DATA FOR THE TASK
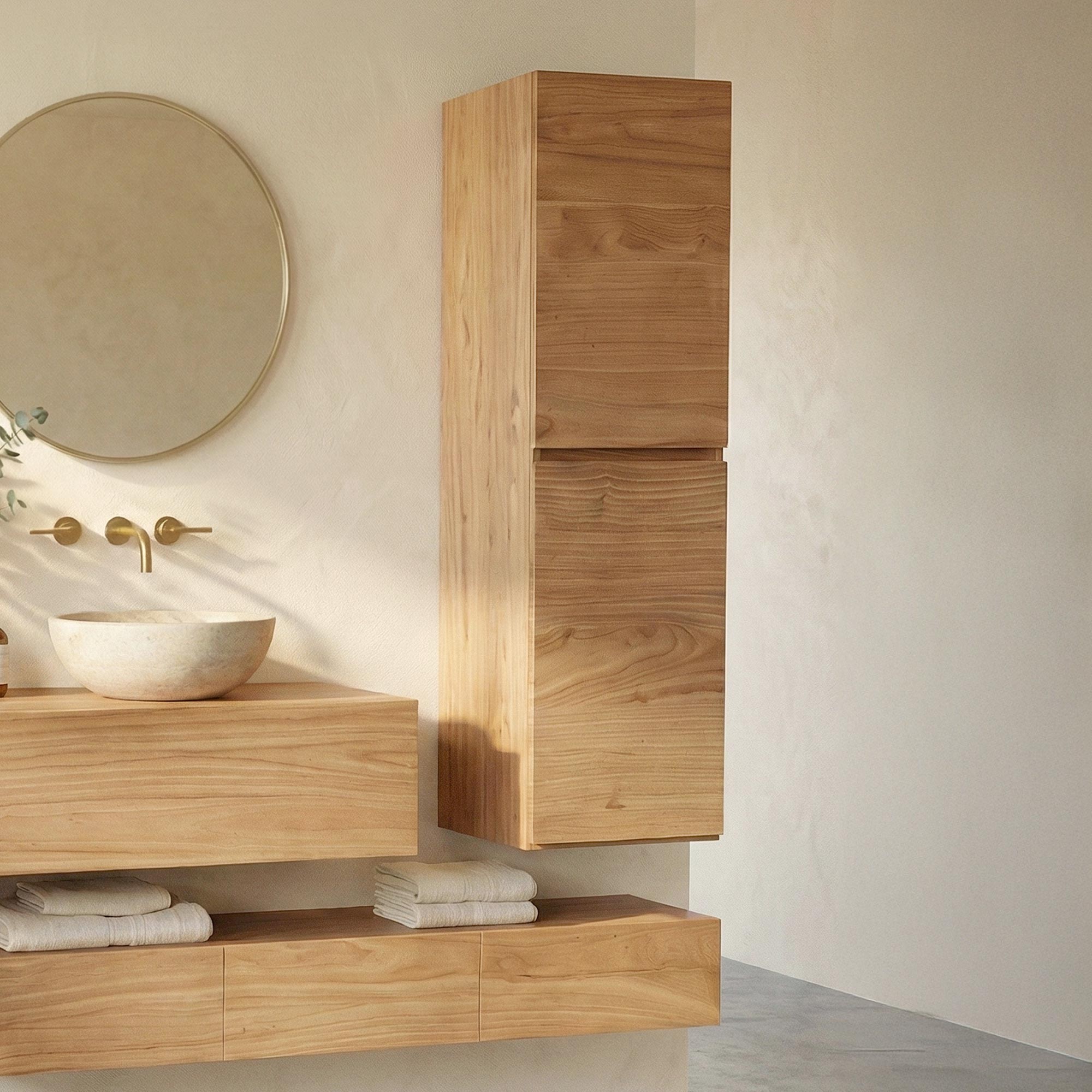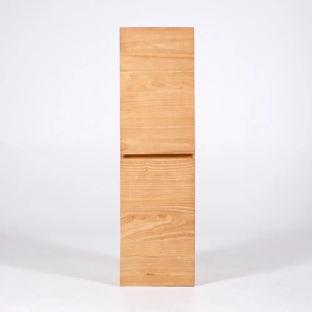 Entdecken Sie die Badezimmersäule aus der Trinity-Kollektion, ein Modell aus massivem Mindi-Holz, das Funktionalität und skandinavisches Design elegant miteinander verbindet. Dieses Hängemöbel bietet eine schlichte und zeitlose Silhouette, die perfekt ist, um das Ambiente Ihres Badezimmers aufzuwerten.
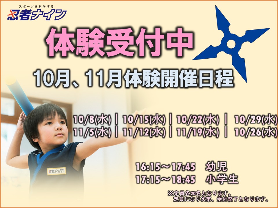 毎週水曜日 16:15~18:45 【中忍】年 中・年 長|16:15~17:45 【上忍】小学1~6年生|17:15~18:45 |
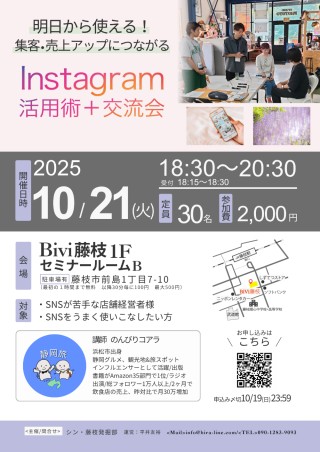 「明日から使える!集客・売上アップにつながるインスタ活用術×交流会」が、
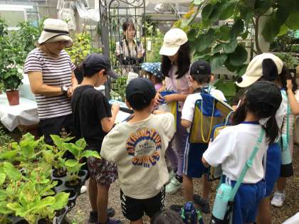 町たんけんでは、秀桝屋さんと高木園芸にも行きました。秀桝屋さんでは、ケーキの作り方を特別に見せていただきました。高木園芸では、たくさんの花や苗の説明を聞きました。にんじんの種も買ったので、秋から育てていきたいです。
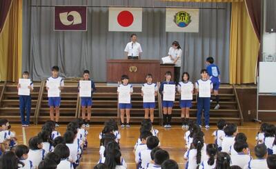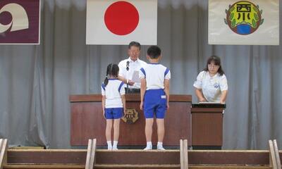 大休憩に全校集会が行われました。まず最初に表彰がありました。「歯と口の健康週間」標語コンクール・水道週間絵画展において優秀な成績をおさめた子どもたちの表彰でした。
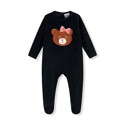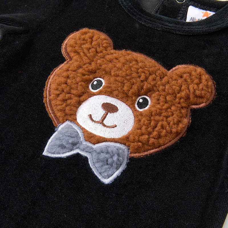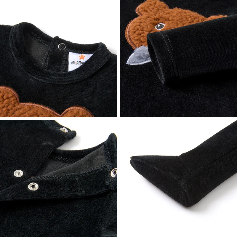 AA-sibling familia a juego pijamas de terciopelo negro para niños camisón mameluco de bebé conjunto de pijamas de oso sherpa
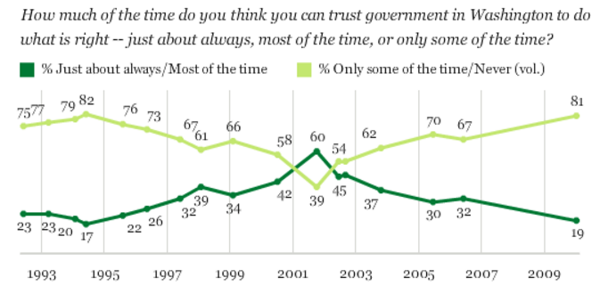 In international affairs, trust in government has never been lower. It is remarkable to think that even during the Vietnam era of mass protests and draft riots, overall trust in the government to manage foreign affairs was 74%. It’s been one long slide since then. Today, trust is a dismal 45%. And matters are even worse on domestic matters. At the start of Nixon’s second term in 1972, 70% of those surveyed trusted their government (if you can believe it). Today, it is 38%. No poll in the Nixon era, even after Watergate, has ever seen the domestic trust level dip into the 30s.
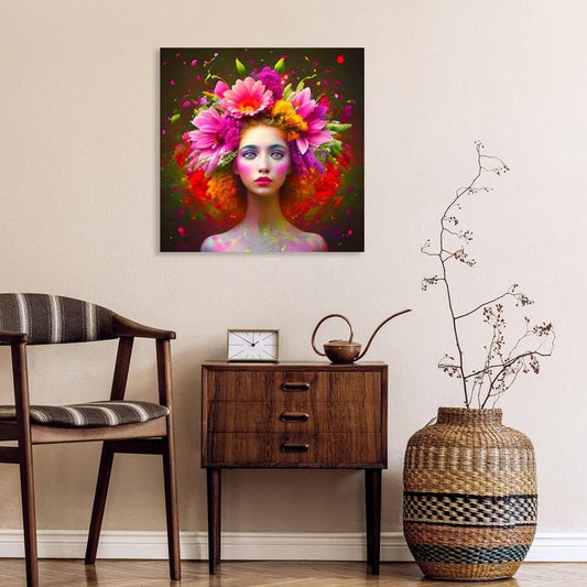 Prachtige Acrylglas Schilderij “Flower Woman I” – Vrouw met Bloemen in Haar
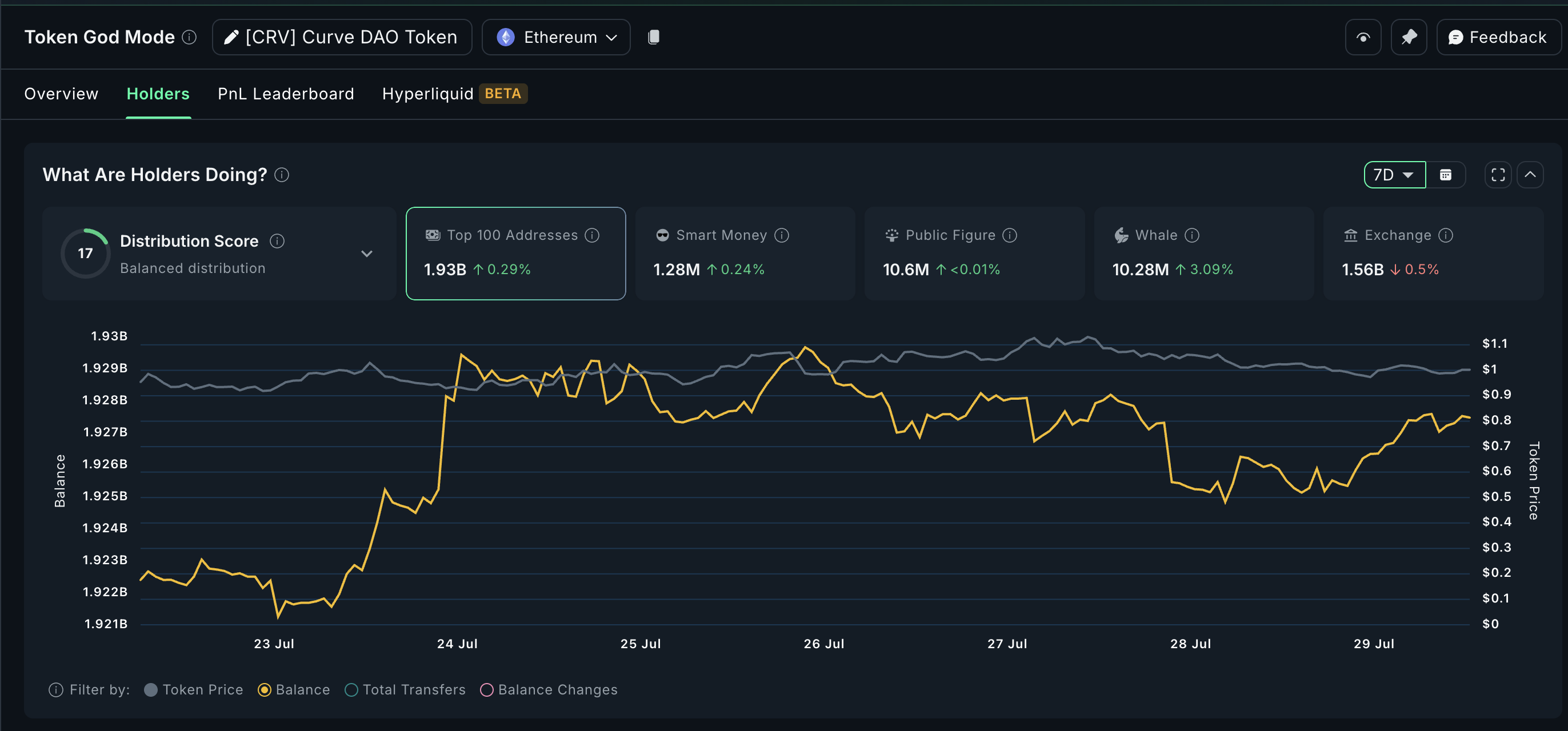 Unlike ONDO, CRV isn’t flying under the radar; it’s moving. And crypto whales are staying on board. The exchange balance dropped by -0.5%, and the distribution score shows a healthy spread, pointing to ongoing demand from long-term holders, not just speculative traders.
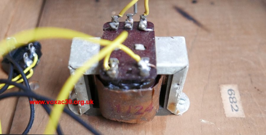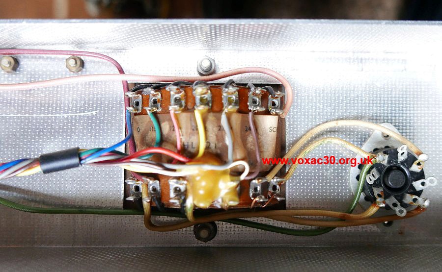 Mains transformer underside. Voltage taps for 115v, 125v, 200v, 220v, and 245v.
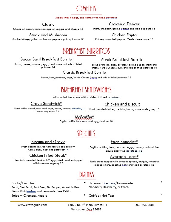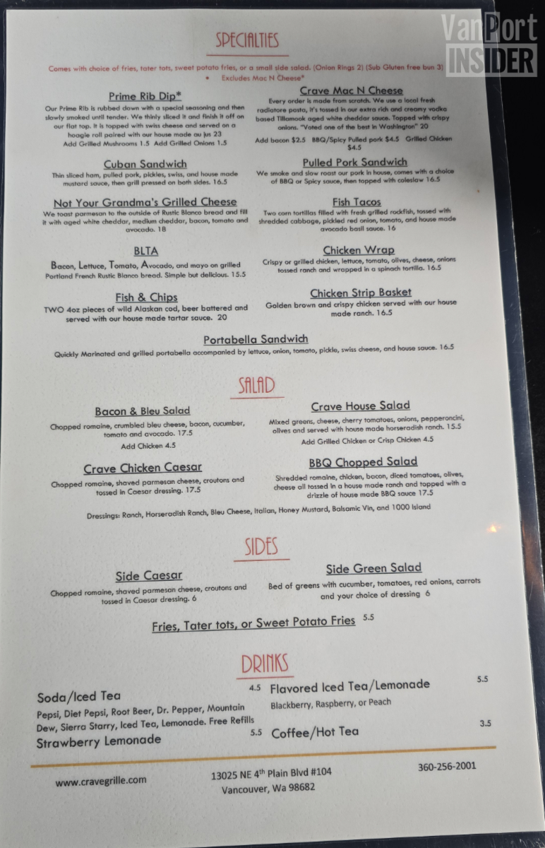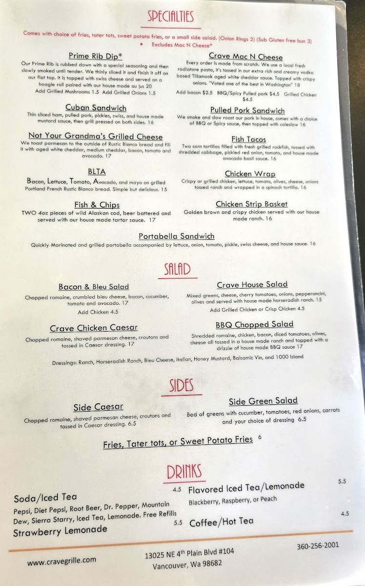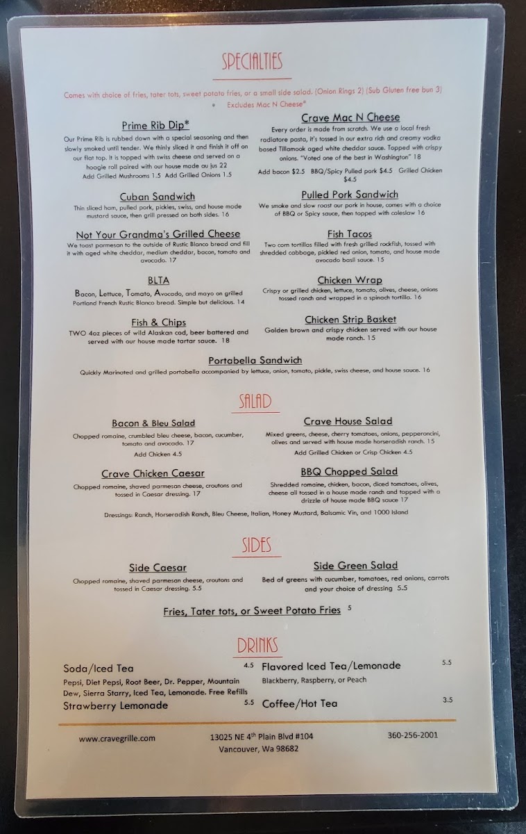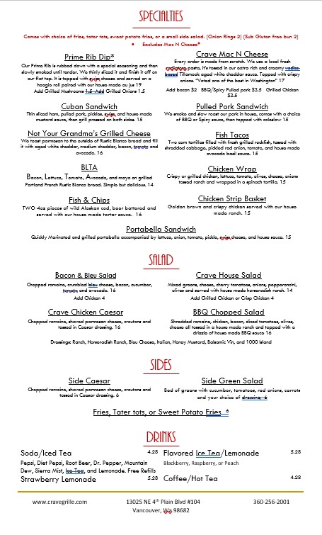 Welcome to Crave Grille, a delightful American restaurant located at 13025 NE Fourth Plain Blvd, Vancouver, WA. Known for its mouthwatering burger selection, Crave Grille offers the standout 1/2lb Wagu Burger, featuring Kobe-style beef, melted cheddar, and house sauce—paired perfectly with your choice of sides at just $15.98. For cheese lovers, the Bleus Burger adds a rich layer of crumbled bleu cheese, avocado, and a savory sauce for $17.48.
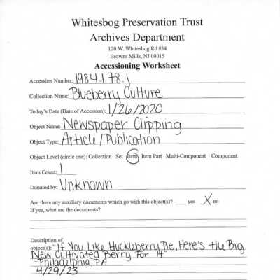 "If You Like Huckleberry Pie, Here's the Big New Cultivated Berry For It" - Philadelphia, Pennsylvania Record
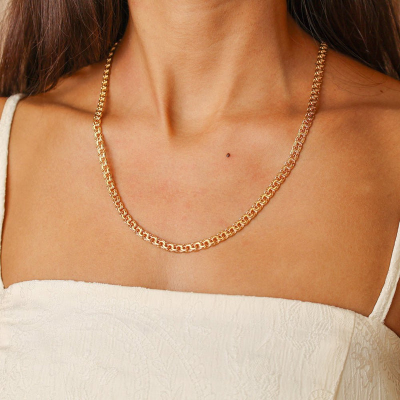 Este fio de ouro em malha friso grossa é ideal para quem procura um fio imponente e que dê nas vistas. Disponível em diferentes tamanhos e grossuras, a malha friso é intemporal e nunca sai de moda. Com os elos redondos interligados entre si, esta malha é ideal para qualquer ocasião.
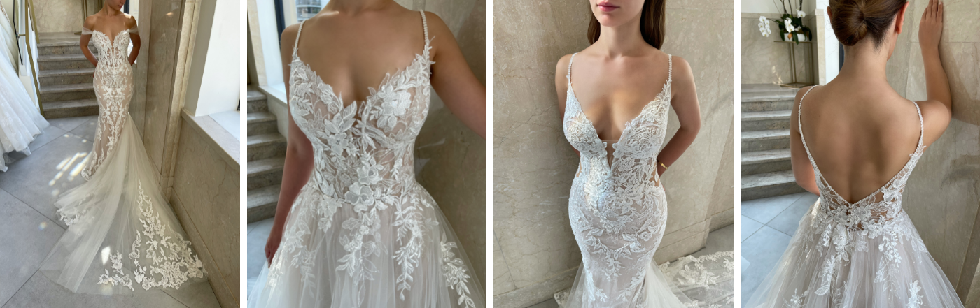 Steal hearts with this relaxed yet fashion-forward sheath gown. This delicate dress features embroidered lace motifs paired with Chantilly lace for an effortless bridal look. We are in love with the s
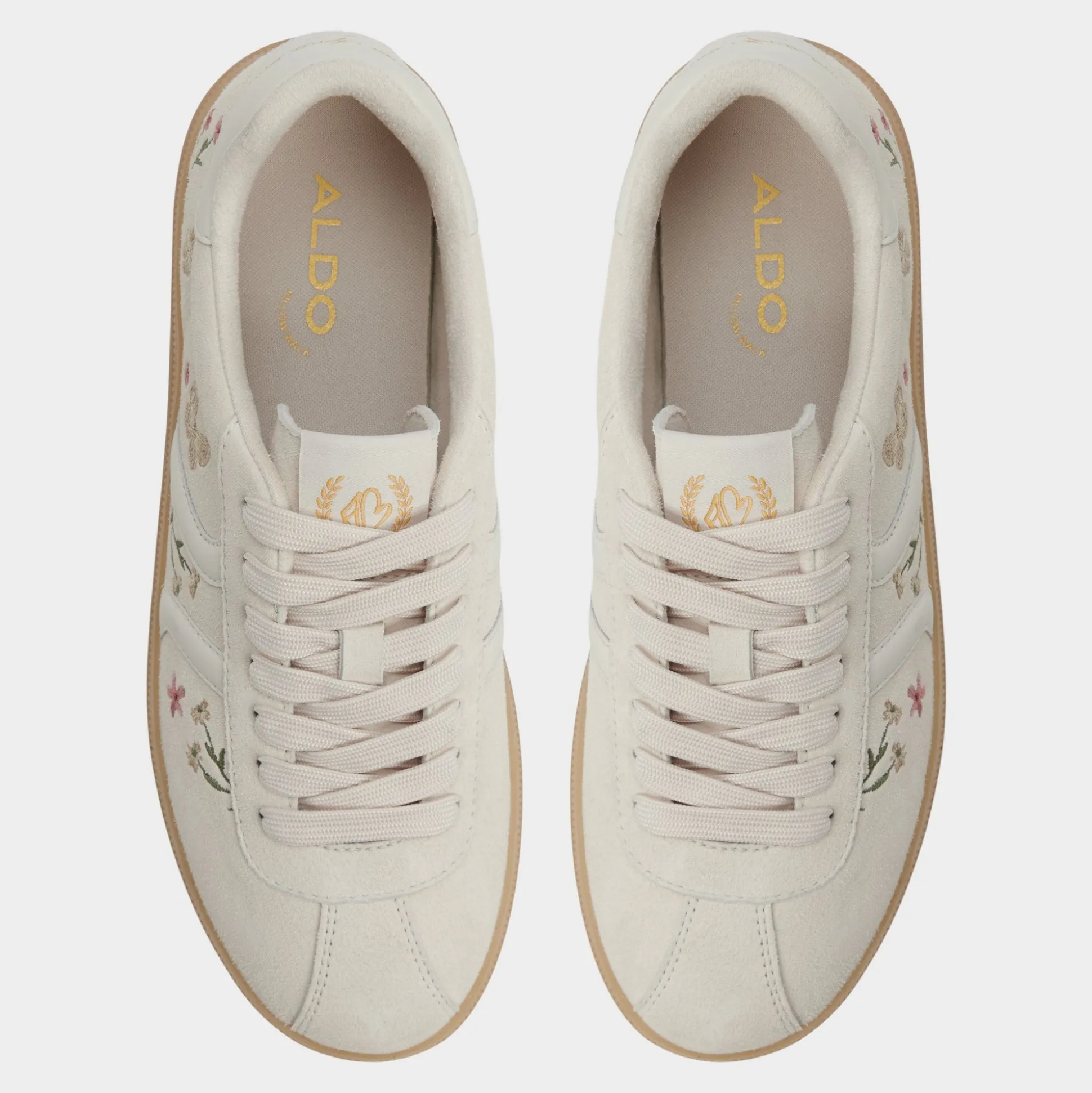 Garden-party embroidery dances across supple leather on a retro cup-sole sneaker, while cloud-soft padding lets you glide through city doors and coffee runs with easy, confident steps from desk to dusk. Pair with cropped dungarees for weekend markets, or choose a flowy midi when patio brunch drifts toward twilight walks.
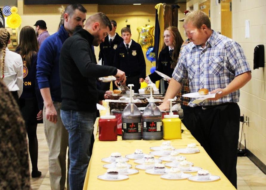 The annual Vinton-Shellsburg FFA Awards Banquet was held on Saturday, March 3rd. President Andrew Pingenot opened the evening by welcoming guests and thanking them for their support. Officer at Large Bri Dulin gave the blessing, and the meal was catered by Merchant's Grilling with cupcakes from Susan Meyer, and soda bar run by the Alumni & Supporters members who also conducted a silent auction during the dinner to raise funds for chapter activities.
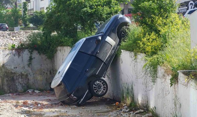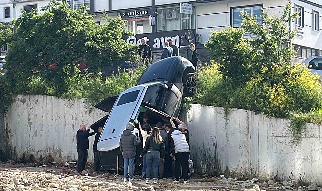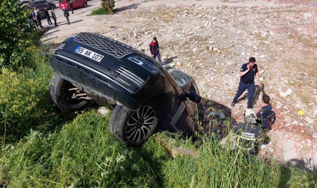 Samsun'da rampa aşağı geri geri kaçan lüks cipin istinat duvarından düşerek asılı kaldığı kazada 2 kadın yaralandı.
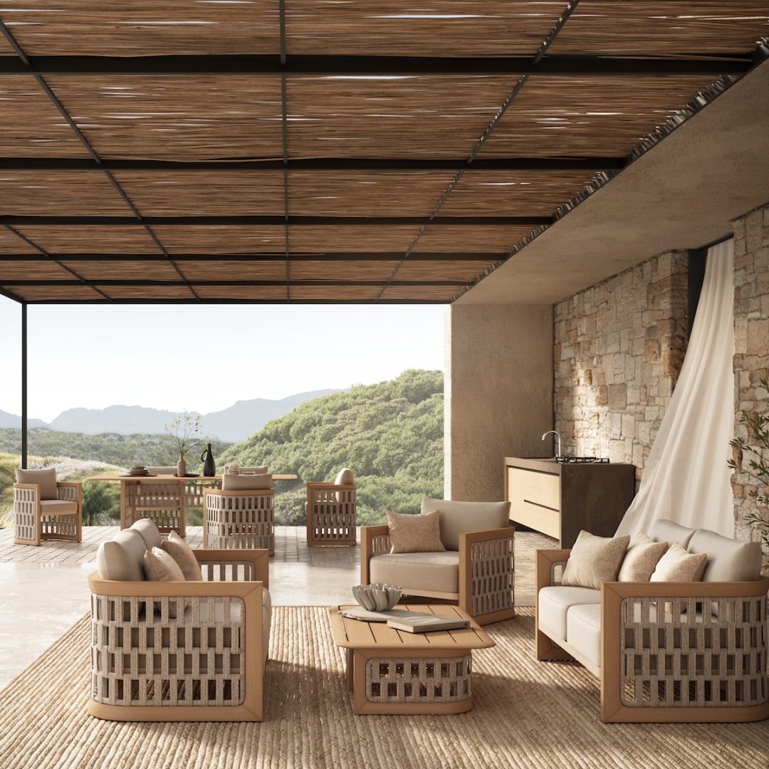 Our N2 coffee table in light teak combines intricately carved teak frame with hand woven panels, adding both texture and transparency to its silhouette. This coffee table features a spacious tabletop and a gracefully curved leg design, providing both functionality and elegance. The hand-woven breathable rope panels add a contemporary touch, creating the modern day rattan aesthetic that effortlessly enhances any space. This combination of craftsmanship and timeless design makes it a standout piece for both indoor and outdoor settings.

WHAT YOU NEED TO DO
The lines to reproduce run from the one above containing "AA-sibling familia a" through the one containing "Philadelphia, Pennsylvania Record". Copy them exactly and leave out all pictures.

OUTPUT OF THE TASK
 AA-sibling familia a juego pijamas de terciopelo negro para niños camisón mameluco de bebé conjunto de pijamas de oso sherpa
 In international affairs, trust in government has never been lower. It is remarkable to think that even during the Vietnam era of mass protests and draft riots, overall trust in the government to manage foreign affairs was 74%. It’s been one long slide since then. Today, trust is a dismal 45%. And matters are even worse on domestic matters. At the start of Nixon’s second term in 1972, 70% of those surveyed trusted their government (if you can believe it). Today, it is 38%. No poll in the Nixon era, even after Watergate, has ever seen the domestic trust level dip into the 30s.
 Prachtige Acrylglas Schilderij “Flower Woman I” – Vrouw met Bloemen in Haar
 Unlike ONDO, CRV isn’t flying under the radar; it’s moving. And crypto whales are staying on board. The exchange balance dropped by -0.5%, and the distribution score shows a healthy spread, pointing to ongoing demand from long-term holders, not just speculative traders.
 Mains transformer underside. Voltage taps for 115v, 125v, 200v, 220v, and 245v.
 Welcome to Crave Grille, a delightful American restaurant located at 13025 NE Fourth Plain Blvd, Vancouver, WA. Known for its mouthwatering burger selection, Crave Grille offers the standout 1/2lb Wagu Burger, featuring Kobe-style beef, melted cheddar, and house sauce—paired perfectly with your choice of sides at just $15.98. For cheese lovers, the Bleus Burger adds a rich layer of crumbled bleu cheese, avocado, and a savory sauce for $17.48.
 "If You Like Huckleberry Pie, Here's the Big New Cultivated Berry For It" - Philadelphia, Pennsylvania Record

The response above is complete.